Output from the above program on a 2 processor 670MP w 128MB of memory
writing to a SCSI 2.2GB (Wren IX/ST42100N) disk (5MB/sec).

% cc tsync.c -DSYNC -DBUFFER_SIZE=8192 -o tsync
% time tsync 5-meg-file
Opening "5-meg-file" in synchronous mode buffer size = 8192
0.340u 1.530s 0:23.78 7.8% 0+92k 1+1282io 0pf+0w
5MB/23.78s = 220kB/s

Vary the buffer size to see the effect:

% cc tsync.c -DSYNC -DBUFFER_SIZE=8192 -o tsync --> 220kB/s
% cc tsync.c -DSYNC -DBUFFER_SIZE=16384 -o tsync --> 294kB/s
% cc tsync.c -DSYNC -DBUFFER_SIZE=32768 -o tsync --> 321kB/s
% cc tsync.c -DSYNC -DBUFFER_SIZE=65536 -o tsync --> 371kB/s
% cc tsync.c -DSYNC -DBUFFER_SIZE=1044576 -o tsync --> 391kB/s

Best possible speed (async mode & proper buffer size):

% cc tsync.c -DBUFFER_SIZE=8192 -o tsync --> 1927kB/s

My original request:

        I have been measuring NFS write performance and I have found that
        we rarely get better than 100k bytes/second from client to server.
        Using rcp I get more than 500kB/s with ftp often better than 200K.

        As I understand it the NFS protocol requires that NFS writes are
        synchronous. The server has to write the data block to the physical
        disk before it can acknowledge. This understandably will hinder NFS
        write performance, however, 100k still seems much too slow.

Q1. -> So where is the bottle-neck?

        I have tested our drives by writing huge (100MB) files to them and
        get impressive results 700-900k for SCSI drives and up to 3500k
        for IPI drives on a 670MP system so it's not the drives.

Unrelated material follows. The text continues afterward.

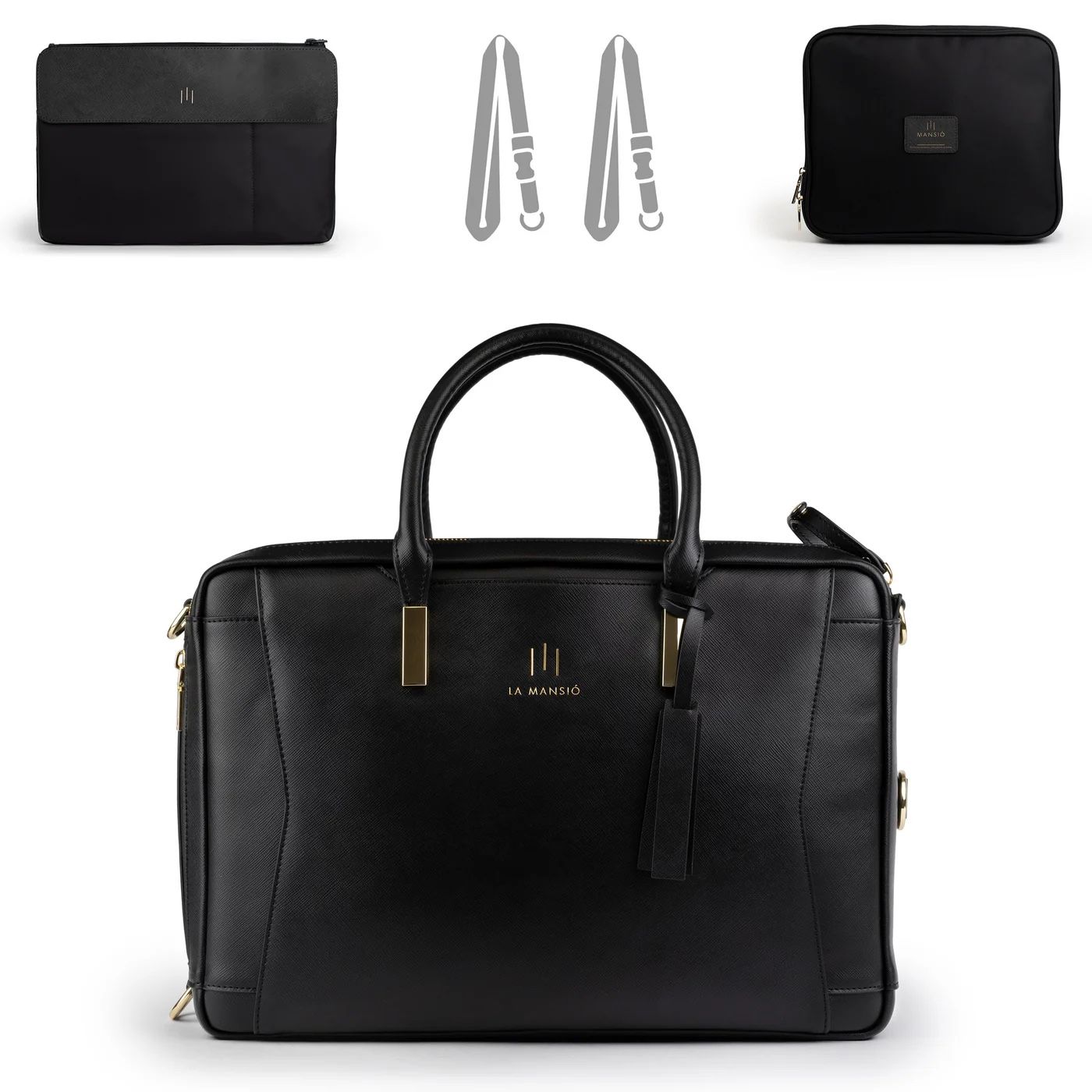 Adjustable strap, Detachable strap, Cross-body strap, Outer pockets, Inner pockets, Inner dividers, Laptop compartment

        I know that Ethernet is not the bottle-neck either because it is
        capable of just over 1.2MB/sec, which is over 10 times the NFS
        throughput that I am getting. At one point I thought that we
        might be getting too many collisions on our network so I isolated
        a SS2 and a 670MP server on their own network (using a thicknet
        fanout box) and still got the same lousy 100k write performance.
        So the problem is not the Ethernet hardware.

        I have used "spray" to measure the end to end UDP performance and
        this too does not seem to be a problem, throughput is in the 800-900k
        range.

        I thought that perhaps the Jumbo NFS patch (100173-08) would fix
        this but after applying it to both the client and server ends
        the 100kB/s or less write performance persists.

        I know about the Prestoserve NFS accelerator product and the kernel
        mods which make the NFS server do asynchronous NFS writes
        (at your own peril). I don't think that it would do any good to
        increase the number of daemons at either end because this only helps
        whenever you have simultaneous NFS access.

Q2. -> Is this just the "normal" NFS write speed? If so then can someone
        explain why it is so terribly slow?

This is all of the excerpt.